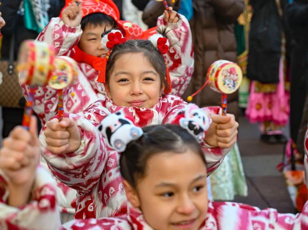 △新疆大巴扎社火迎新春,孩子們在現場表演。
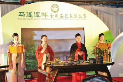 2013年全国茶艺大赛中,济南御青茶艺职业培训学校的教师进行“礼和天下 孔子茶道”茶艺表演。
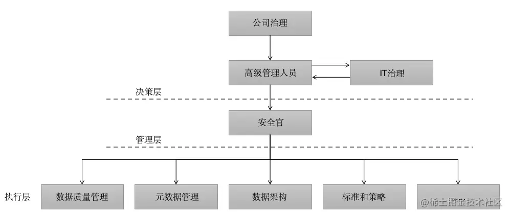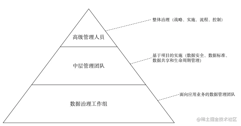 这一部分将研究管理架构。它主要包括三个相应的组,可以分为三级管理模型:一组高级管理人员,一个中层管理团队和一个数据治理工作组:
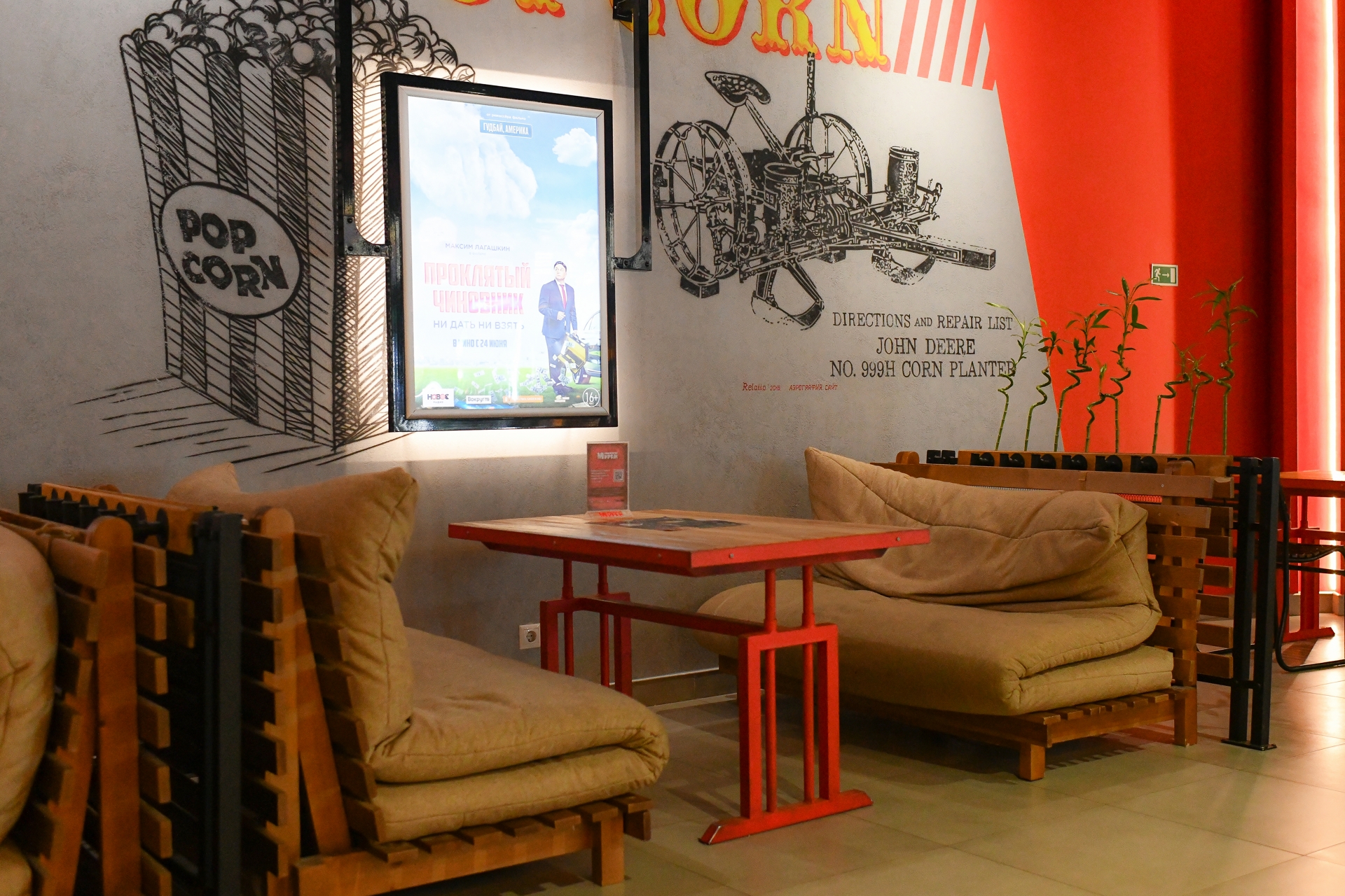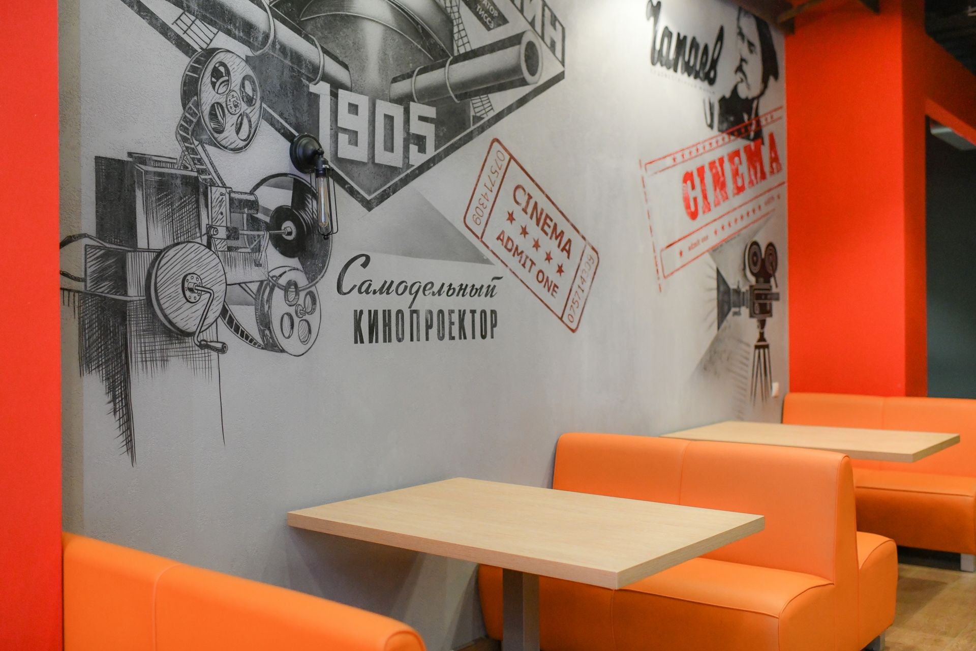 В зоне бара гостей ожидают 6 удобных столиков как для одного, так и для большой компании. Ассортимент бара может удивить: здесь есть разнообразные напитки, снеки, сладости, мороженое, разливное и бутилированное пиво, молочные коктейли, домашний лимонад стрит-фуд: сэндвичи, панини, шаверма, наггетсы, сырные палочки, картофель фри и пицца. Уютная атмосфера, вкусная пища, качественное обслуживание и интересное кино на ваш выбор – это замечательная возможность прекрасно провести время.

INSTRUCTIONS TO FOLLOW: Extract word for word every line from the line that contains "2013年全国茶艺大赛中,济" to the final line of the data, both included, and nothing else; skip the pictures.

SOLUTION:
 2013年全国茶艺大赛中,济南御青茶艺职业培训学校的教师进行“礼和天下 孔子茶道”茶艺表演。
 这一部分将研究管理架构。它主要包括三个相应的组,可以分为三级管理模型:一组高级管理人员,一个中层管理团队和一个数据治理工作组:
 В зоне бара гостей ожидают 6 удобных столиков как для одного, так и для большой компании. Ассортимент бара может удивить: здесь есть разнообразные напитки, снеки, сладости, мороженое, разливное и бутилированное пиво, молочные коктейли, домашний лимонад стрит-фуд: сэндвичи, панини, шаверма, наггетсы, сырные палочки, картофель фри и пицца. Уютная атмосфера, вкусная пища, качественное обслуживание и интересное кино на ваш выбор – это замечательная возможность прекрасно провести время.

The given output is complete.